最初に水の流れる音が聞こえて、それからゆるやかに風の音や日の光や草木のそよぐ音が重なり合って朝の歌が始まるような気持ちになりました。自然描写が繊細でいきいきとしていて、うっとりしました。恋人と手を繋ぐシーンが優しくて好きです。懐かしい映画を観たようです。ありがとうございました。
作者からの返信
この書きだしのところ、実は別の作品の冒頭だったのですが、没にしてしまった部分で、自分で気に入っていたのでどこかで使いたいと思っていました。そこにコメントいただけたことが、とてもうれしく思います。日常のほんのひとコマを、水辺の風景の中に書こうとして、風景描写にも力を入れました。お読みくださり、ありがとうございました。
@sakamonoさんのこの傾向の作品は、もう何作も読んでいるような気がするのですが、読み慣れたという感覚が未だやってこないのはどうしたことでしょうか。達人の手にかかると、ありふれたモチーフの風景画でも、みずみずしい色彩が心をつかんで放さないように、どこにでもある平和な朝の風景が、なんだかとてもマジカルなことが起きている描写のように読めます。やはり魅力的な舞台選定が大きいのかなと思いつつ、@sakamonoさんならマンハッタンの真ん中に舞台を移しても、スペースコロニーであっても、同じような味わいのシーンを書いてしまうのではないかなと想像します w。
私には色んな意味で模倣できそうにはない文章ですが、作中のあちこちの光景で、懐かしさを伴うデジャヴに行き当たりました。具体的な記憶を徹底的に再現したら、たぶんどれもそれほど美しい場面ではなかったはずなのに、この作品の中だと、不思議に郷愁に溢れたイメージへ純化されているようなのはなぜなのか。面倒なんで、この頃では「そういう読書体験が起きる作品群なのだ」ということで割り切ってますが 笑。

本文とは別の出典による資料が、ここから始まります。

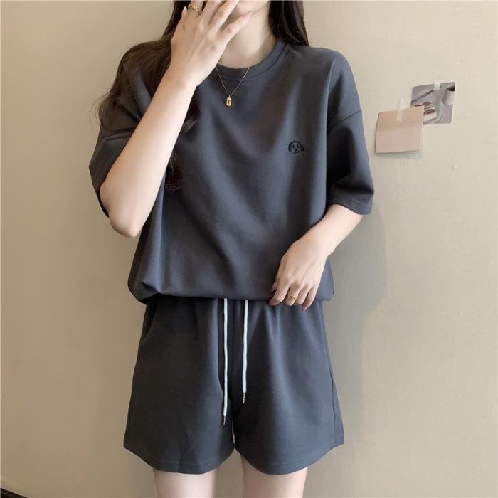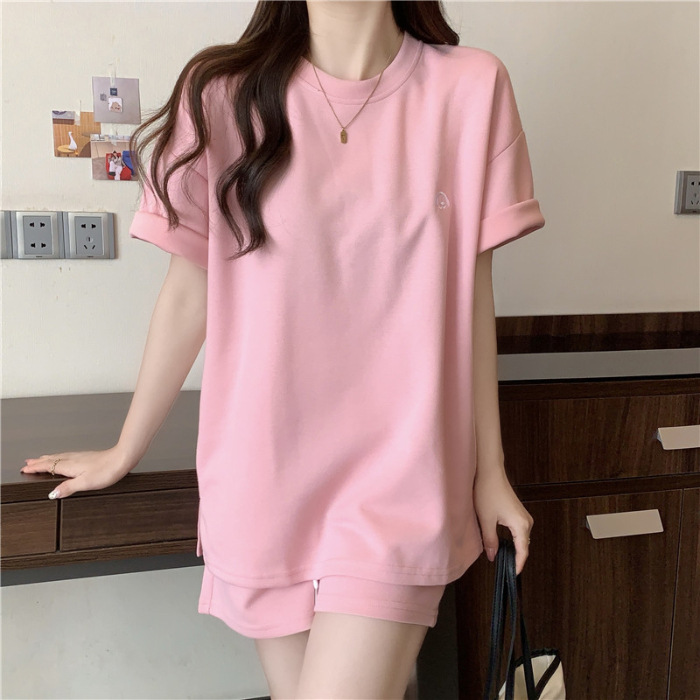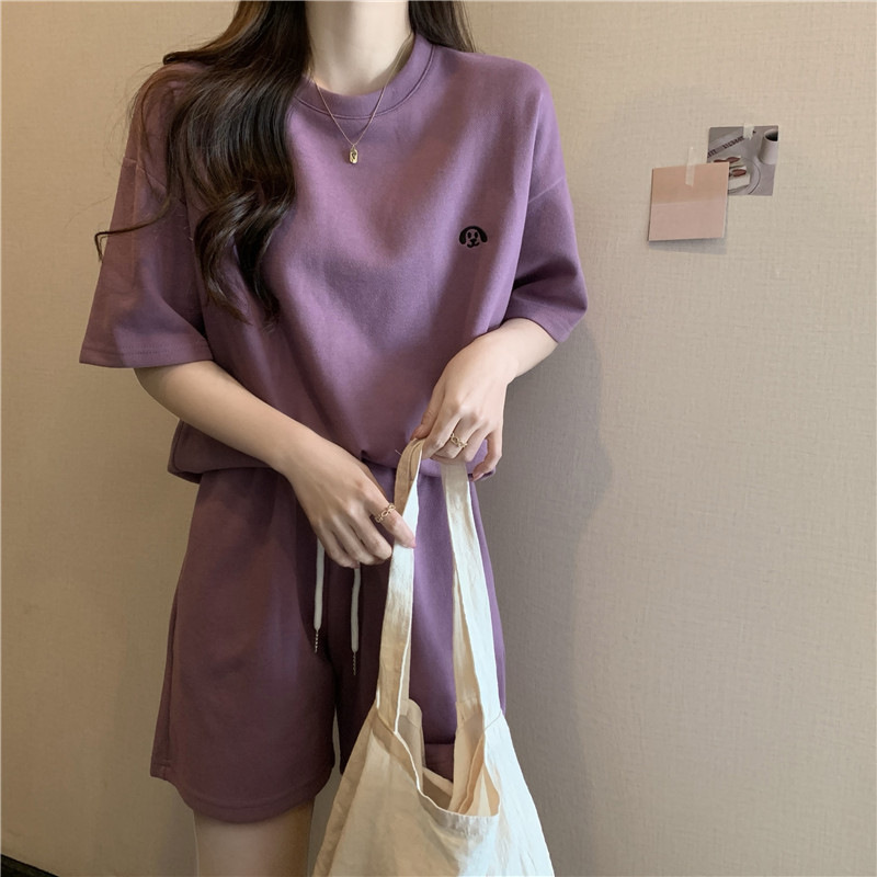 도파민 아이스크림 컬러 2024 여성 여름 반팔 투피스 세트 새로운 스포츠 세트 티셔츠 반바지

ところで、多幸感を催す川べりの描写を読んでいて、ふと思い出したのが「ハチミツとクローバー」の一場面です。いい年をした大学生たちが、わいわいいいながら四つ葉のクローバーを探し回ってる有名なシーン。そういえばあの漫画家もやたら食べ物ネタに走ってましたね(というか、今も走ってますが)。人の幸せな形を的確に描いた作品同士ということで、何かしら通じるものが出くるものなのかな、などと考えたりもしました。
作者からの返信
ああ、何かとても過分なお言葉をいただいたように思います。こういう書き方が自分の個性、ということもできますが、こうしか書けないのか、という思いもあって、違う書き方を模索して暗礁に乗り上げたりしています(笑)。スペースコロニーみたいなところを舞台に、こんな雰囲気で書いたら……なるほど、おもしろいです。こんな文章と相容れないジャンルの小説を書いてみたら、ちょっと違った雰囲気のものが出来上がりそうです。昔、小説入門書を読んだ時、「風景を書くことが文体を作り上げる」といったことが書かれていて、それにならおうとして風景描写が多くなっているのだと思います。「ハチミツとクローバー」、タイトルは知っていますが未読でした。興味を惹かれたので読んでみようと思います。お読みいただき、ありがとうございました。